Dobrze jest tez uzyc kolczykow "baby" gdyz sa krótsze.

Offline linek

  • mgr, kosmetolog
  • Moderator(ka)
  • Ilość postów mnie przerosła...
  • *****
  • Wiadomości: 8116
  • to co pozostało
kolczyki u niemowlaka?
« Odpowiedź #3 dnia: 2006-11-05, 19:46:54 »
pamietam ze jak mialam z 10 lat bardzo zalowalam ze mama nie przekula mi uszu kiedy bylam mniejsza, bo strasznie sie tego balam i poszlam dopiero jak juz sie stawalam wieksza i odwazniejsza, ale rok oki 1,5, ale nie 3 miesiace, ale prawda jest tez ze to sprawa kosmetyczki
Naszą wielką słabościa jest to,że sie poddajemy. Najpewniejszą drogą do sukcesu jest wciąż próbować, jeszcze ten jeden raz:)))

Offline Ulla

  • Moderator(ka)
  • Forum to mój dom, a może odwrotnie ;)
  • *****
  • Wiadomości: 1702
kolczyki u niemowlaka?
« Odpowiedź #4 dnia: 2006-11-05, 21:49:45 »
Do gabinetu gdzie pracowałam często przychodziły mamy z maluszkami ale szefowa wyznaczyła sobie taka granicę wieku - powyżej pół roczku, młodzych maluchów nie kolczykowałyśmy.Dzieciaczki nawet nie płakały za mocno - także myśle, że nie jest to dla nich wielki ból.
„Spür die Melodie der Community“

Offline DaJusia

  • To zaczyna być obsesją
  • ****
  • Wiadomości: 801
kolczyki u niemowlaka?
« Odpowiedź #5 dnia: 2006-11-05, 22:02:25 »
Ja odmawiam przekłucia takim maluchom - generalnie to uważam,że powinno dac sie dziecku wybór czy chce mieć dziurę w uchu, czy nie...
pozdrawiam, Daria
SPA Hotel DIAMENT Ustroń

Offline madzuuusia

  • Miłe początki na naszym forum...
  • **
  • Wiadomości: 117
kolczyki u niemowlaka?
« Odpowiedź #6 dnia: 2006-11-05, 22:19:07 »
Cytat: "DaJusia"
Ja odmawiam przekłucia takim maluchom - generalnie to uważam,że powinno dac sie dziecku wybór czy chce mieć dziurę w uchu, czy nie...

Popieram Cie DaJusia

Offline Ulla

  • Moderator(ka)
  • Forum to mój dom, a może odwrotnie ;)
  • *****
  • Wiadomości: 1702
kolczyki u niemowlaka?
« Odpowiedź #7 dnia: 2006-11-05, 22:26:23 »
ja równierz to popieram ale bywają bardzo uparte matki i potrafia nawet zrobić awanture  - jak my nie przekłujemy uszu to na pewno zrobi to inna kosmetyczka.....
„Spür die Melodie der Community“

Offline Ania

  • Administrator(ka)
  • Ilość postów mnie przerosła...
  • *****
  • Wiadomości: 6000
kolczyki u niemowlaka?
« Odpowiedź #8 dnia: 2006-11-06, 00:08:43 »
ja uważam i tak stosuję w praktyce, że przebijam uszy tylko dzieciom do 1 roku życia lub dopiero po około 4 lat...
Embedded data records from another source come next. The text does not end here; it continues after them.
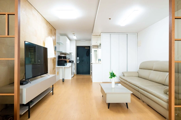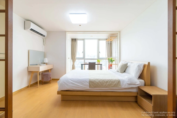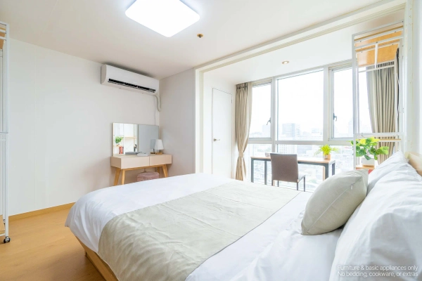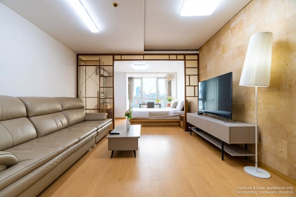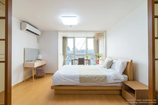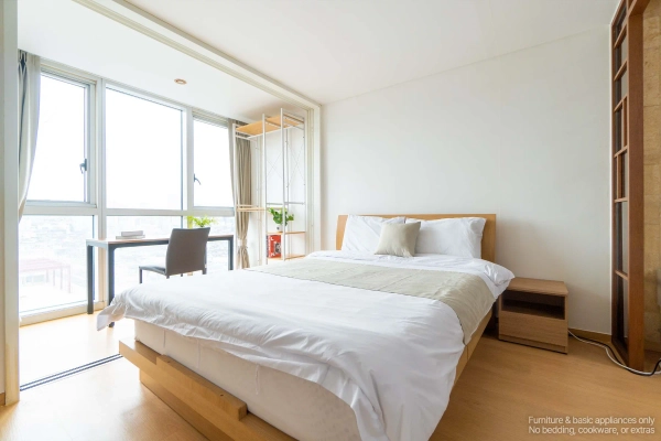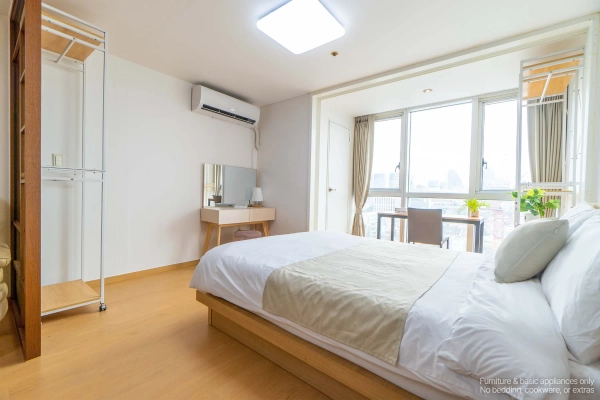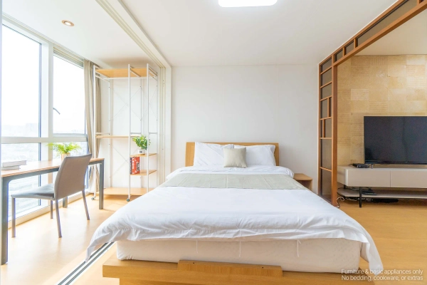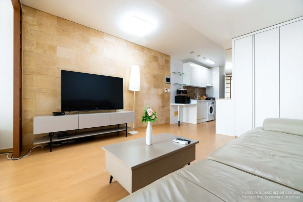 Your High-Floor Gangnam Retreat — A Top-Floor Studio at Miles Dioville Top-Floor Comfort with Open Views Being on the highest floor means more light, better airflow, and a quieter living environment. The studio layout is clean and efficient, perfect for solo professionals, business travelers, or long-stay guests who want a calm space after enjoying the city. Shape as You Wish, Stay as You Are Skip the hassle of furniture shopping. Your home comes complete with everything: stylish furnishings, smart TV, and even a washer. Want to adjust it to your lifestyle? With our customization service, you can add or remove furniture to make the space truly yours — because your home should feel like you. We Handle the Hassle, You Enjoy the Comfort With a professional management team handling maintenance and care, youʼre free to focus on what matters — whether thatʼs work, exploring Seoul, or simply enjoying peaceful time at home. Live Close to Gangnam’s Best Hotspots From trendy restaurants and cafés to nightlife streets around Sinsa and Nonhyeon, everything is just minutes away. Whether you're meeting friends, dining out, or heading to work, this address keeps you connected to Gangnam’s most active lifestyle zones. Flexible Stays for Global Residents We offer clear, flexible lease terms from one month onward — ideal for expats, professionals, and international guests seeking furnished living in central Gangnam. Ready to enjoy top-floor living in Gangnam? Just bring yourself — your stay at Miles Dioville begins here. * Photos were staged for photography; only furniture and appliances are included. Bedding and household items are not provided. * Photos were staged for photography; only furniture and appliances are included. Bedding and household items are not provided.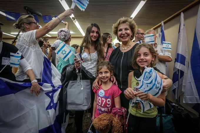 Министр репатриации и абсорбции Софа Ландвер с новыми гражданами страны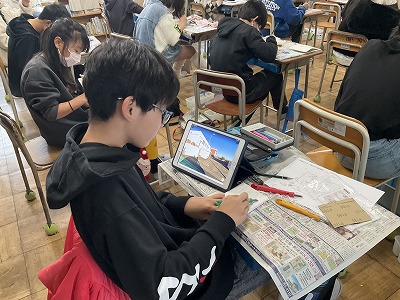 2組は図工の様子を紹介します。彫刻刀を使って彫り進め、色を塗り始めました。自分の思い出が詰まった作品が出来上がりそうです。

do 1 roku bo dziecko nie jest świadome co się dzieje i da się to zrobić bez płaczu, pisku, wyrywania sie i drapania szczególnie po pierwszym uszku gdy usiłujesz zabrać się za drugie...

a po 4 roku życia tylko wtedy kiedy dziecko samo stwierdza że chce miec przebite uszka a nie jest na silę przyprowadzane przez matkę...

nie potępiam mam które przynoszą 3 miesięczne dzieci, bo chcą dziecku zaoszczędzić nerwów kiedy bedzie świadome co to ból...

ale musicie przyznać że ślicznie wygląda taka 2 latka z kolczykami  :wink:

tylko nie wyobrażam sobie przebijać jej uszu w tym wieku...

wierzcie mi że miałam wiele dzieci na przebicie uszu i ta metoda się sprawdziła... z niektórymi na początku siedziało się nawet 2 godziny zanim matka zdążyła je przekonać lodami, zabawkami lub innymi bajerami na drugie uszko...

 albo do roku albo po 4 roku życia... w innych przypadkach odmawiam  :roll:
Dziecko to anioł, którego skrzydła skracają się w miarę wydłużania się nóg
regulamin forum;
jak przeżyć na forum

Offline oszin

  • To zaczyna być obsesją
  • ****
  • Wiadomości: 762
kolczyki u niemowlaka?
« Odpowiedź #9 dnia: 2006-11-06, 00:22:58 »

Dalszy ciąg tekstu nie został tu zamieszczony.